Nvidia analysts are saying caution is warranted ahead of the release of the chipmaking giant’s first-quarter earnings on Thursday.
The stock has risen 19% year to date, with the entire semiconductor sector rebounding this year after falling hard to end 2018 on concerns about slowing global economic growth.
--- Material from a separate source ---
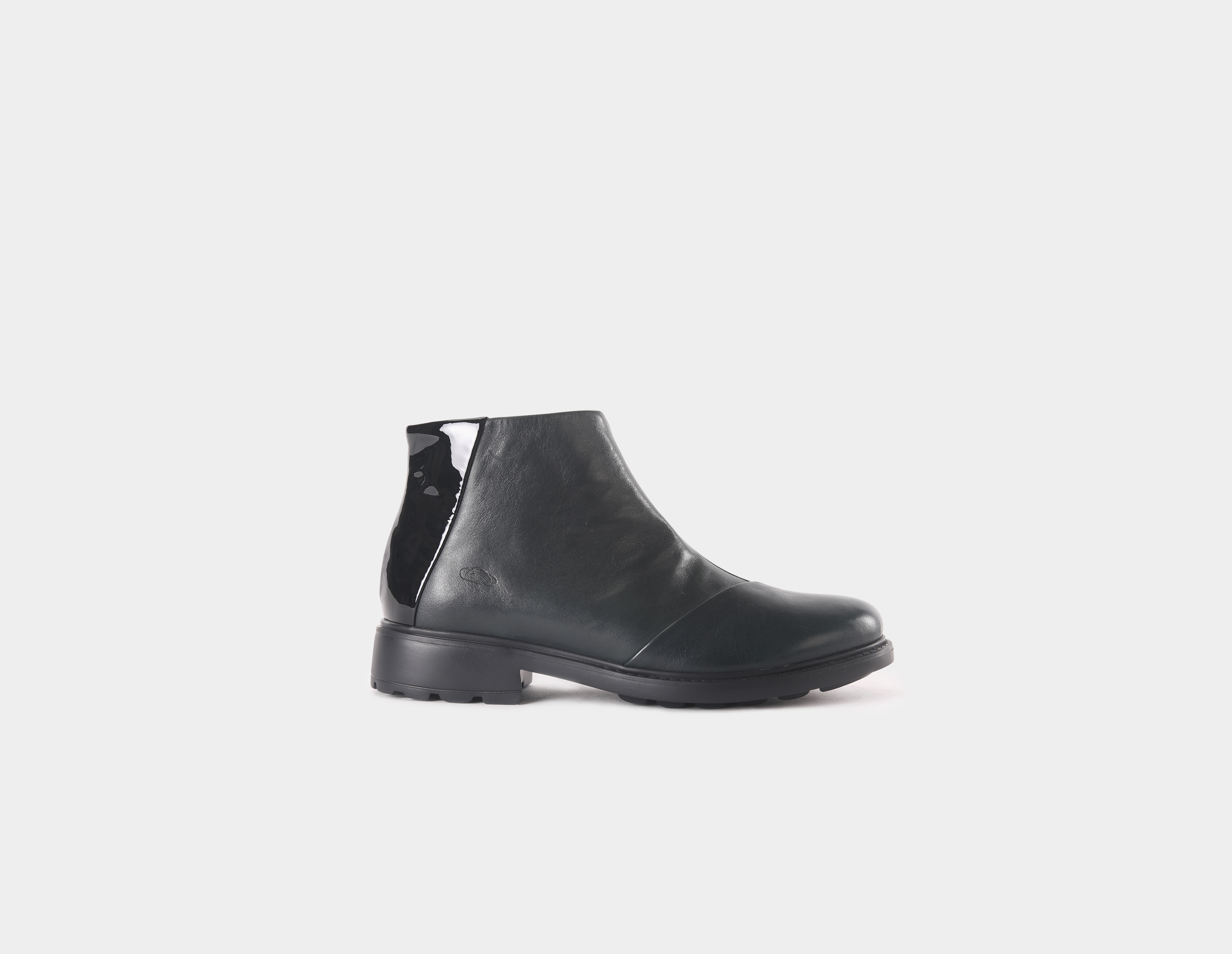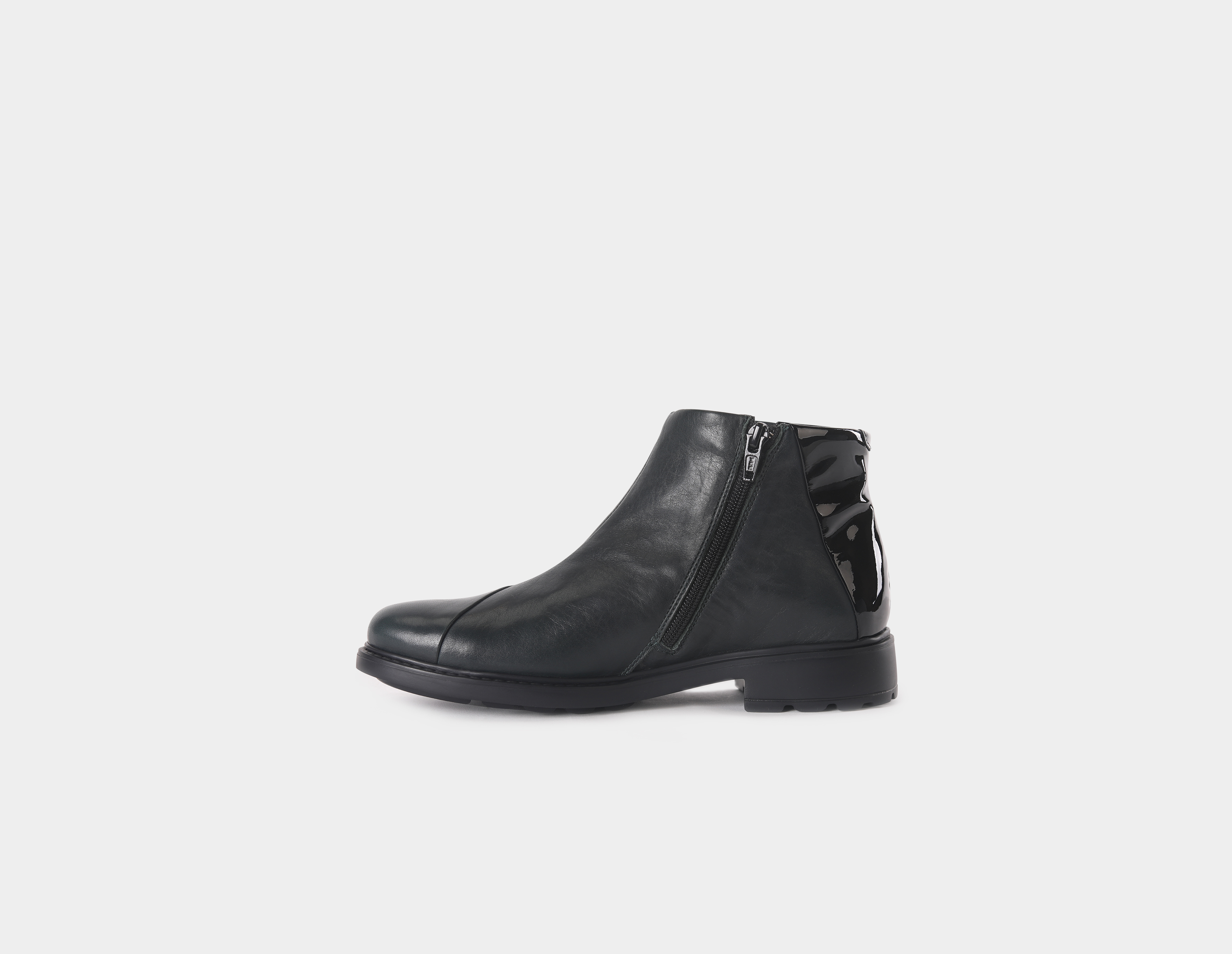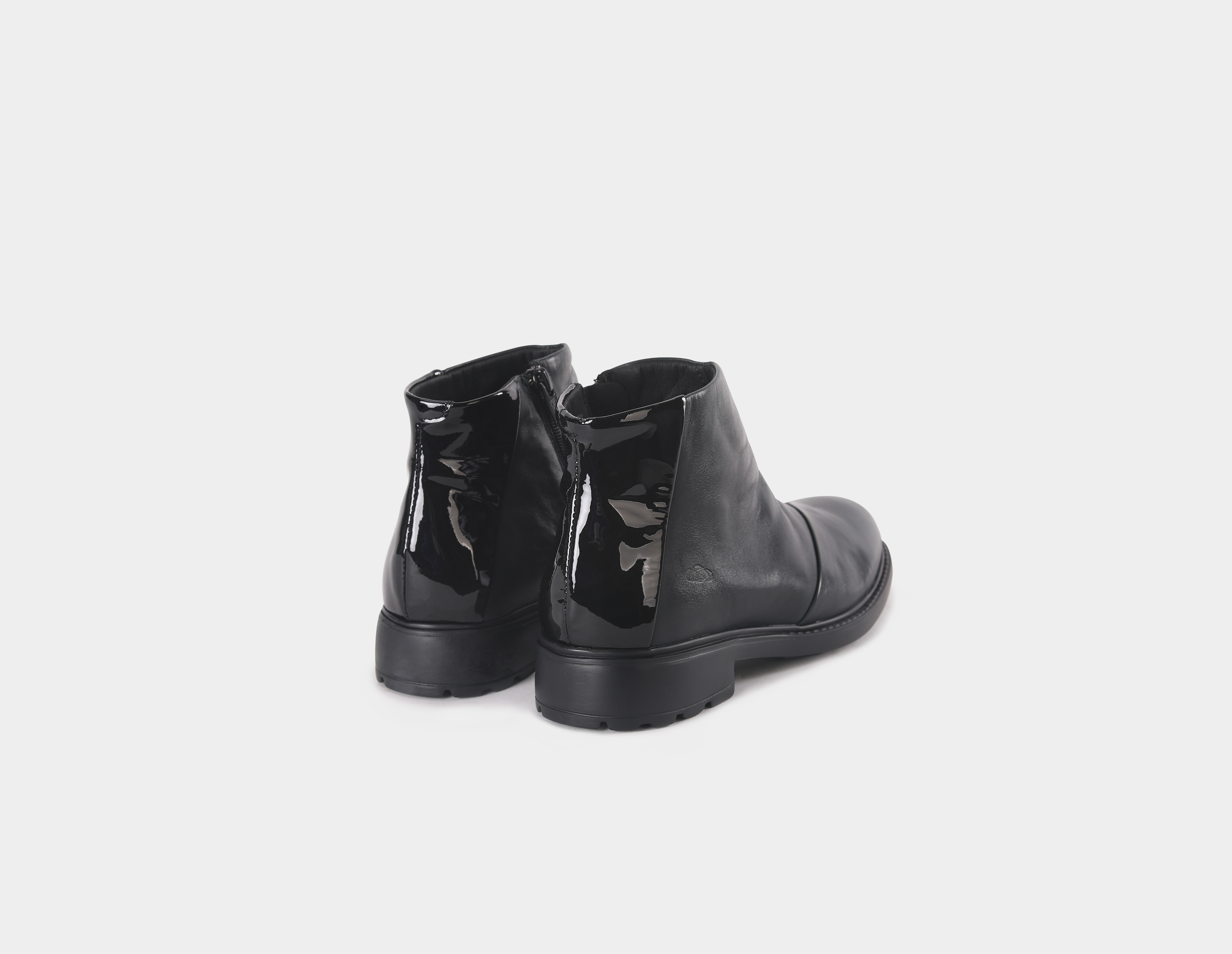 休闲短靴,风格中性干练。蜡感皮和漆皮的组合打破基础款的沉闷,为平日工作生活的搭配带来更多亮点,无论裤装还是裙装都能轻松搭配。

Nvidia shares, however, have declined 12.5% over the past month as rival Intel’s disappointing guidance for the rest of the year has weighed on the sector.
Wall Street expects first-quarter adjusted earnings from Nvidia of 81 cents a share, down 61% from a year earlier, and revenue of $2.195 billion, a 31% year-over-year decline.
Here are two key factors weighing on analysts’ expectations:
1. Data Center Demand
“We’ve lowered our FY20 estimates for Nvidia due to more dramatic slowing of data center spending and potentially lower PC GPU ASP [average selling price] in FY20 after years of increasing ASP,” Stifel analyst Kevin E. Cassidy wrote in a note. “We are cautious on Nvidia shares in front of its earnings report.”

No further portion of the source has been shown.